Я тоже принимал участие в этом кипении жизни.

Все это было в высшей степени целомудренно, преданно, аскетически.

В студенческой коммуне я бывал тоже — в Черкасском переулке в 1926 — там тоже смерть пришла раньше, чем любовь, как к народовольцам и эсерам.

Я жил в Кунцеве у тетки, а потом в Черкаске, в общежитии МГУ, а у Яшки была крошечная комнатенка на первом этаже какой-то коммунальной квартиры тоже в районе Басманной. Крошечная, метров 6 квадратных. Все свободное место было уставлено книгами — <...>, библиотечными и своими.

С собой Яшка всегда таскал толстую переплетенную книжку, где <писал> мелко-мелко, но все же разборчиво — Яшка до смерти сохранил разборчивый газетный почерк.

В хорошем разборчивом почерке, мне кажется, Яшка видел некую нравственную обязанность. «Я должен писать так, чтобы меня могли легко прочесть те люди, к которым я пишу, — это дань уважения другим людям — товарищам, друзьям, начальникам и подчиненным».

Были ли у Яшки подчиненные? Вопрос интересный.

Яшка — газетчик. Особое место.

По образованию философ. Всю жизнь (т. е. в заключении и в ссылке) работал геологом.

— Ну, значит, практика. Но ведь надо приказывать, а не уговаривать.

Допустимый после этого вопрос.

Мы не вспоминали прошлого. Но как-то мне пришла в голову эта тетрадочка изречений знаменитых людей и вообще мыслей. Я напомнил Якову.

— Глупости были. — И покраснел своей краснотой внезапного душевного волнения.

— Еще бы не глупости. Вся эта чушь, которую вколачивали в наши головы двадцатые годы.

— Кто ты по профессии?

— Я не знаю кто. Пишу в анкетах — геолог. Но я не геолог. И уж, конечно, не философ.

А как разнятся люди! Авербах[235], например, всегда стремится много раз подчеркнуть свое личное участие.

Сидим у Авербаха и вспоминаем Якова. Когда? 14 февраля 1971 г.

— Я, кажется, раньше всех в жизни его, — говорю я. — Еще до Университета бывал у него на Басманной.

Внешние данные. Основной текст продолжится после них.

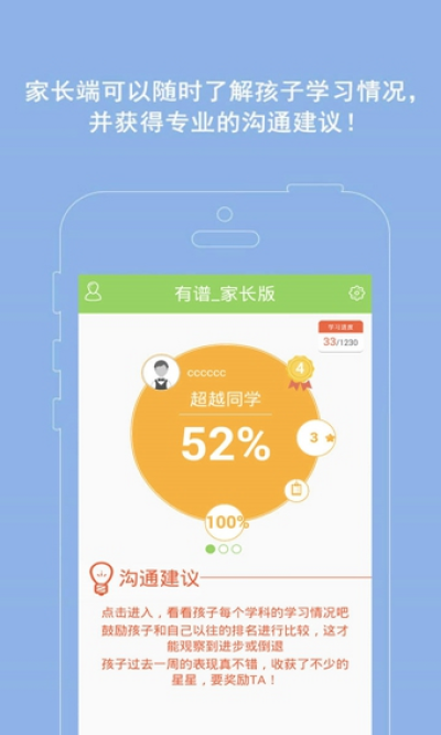 家长用有谱,可以方便快捷地了解孩子的学习情况,并获得沟通建议,从此可以有效管理孩子的学习!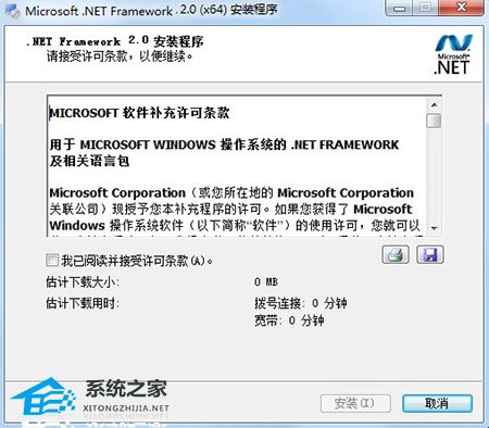 2. 然后进入.net framework 2.0安装协议界面,您可以阅读协议中的内容,阅读完成后勾选【我接受协议中的条款】然后点击【安装】。

— Нет, я! Я, я учился с ним в экономическом техникуме в 1923 году, — живо так отвечает Авербах. И — в раздумьи: — Только мы тогда не были знакомы, на разных курсах были. Выяснил в 1961 году!

Вот это «яканье», я думаю, Яшка вытравил из себя сам столь же железным способом, по капле, как вытравливал из себя чувство раба Чехов.

Просто решил, что скромность будет правилом поведения на всю жизнь. И добился.

Эта йога была усвоена Гродзенским хорошо. По своим душевным качествам превосходил если не всех, то очень и очень многих. Яков начисто вытравил из себя все, что может быть показным.

Это я все думаю о нем сейчас, после смерти. В Москве не было для меня ближе человека, чем Гродзенский. Какие у него были свои знакомые? Жену, например, я и не знал... Но дружбе нашей все это не мешало. Мы — встретившись после стольких лет — согласны были в главном.

В жизни у человека мало остается усилий к 50–60-ти годам.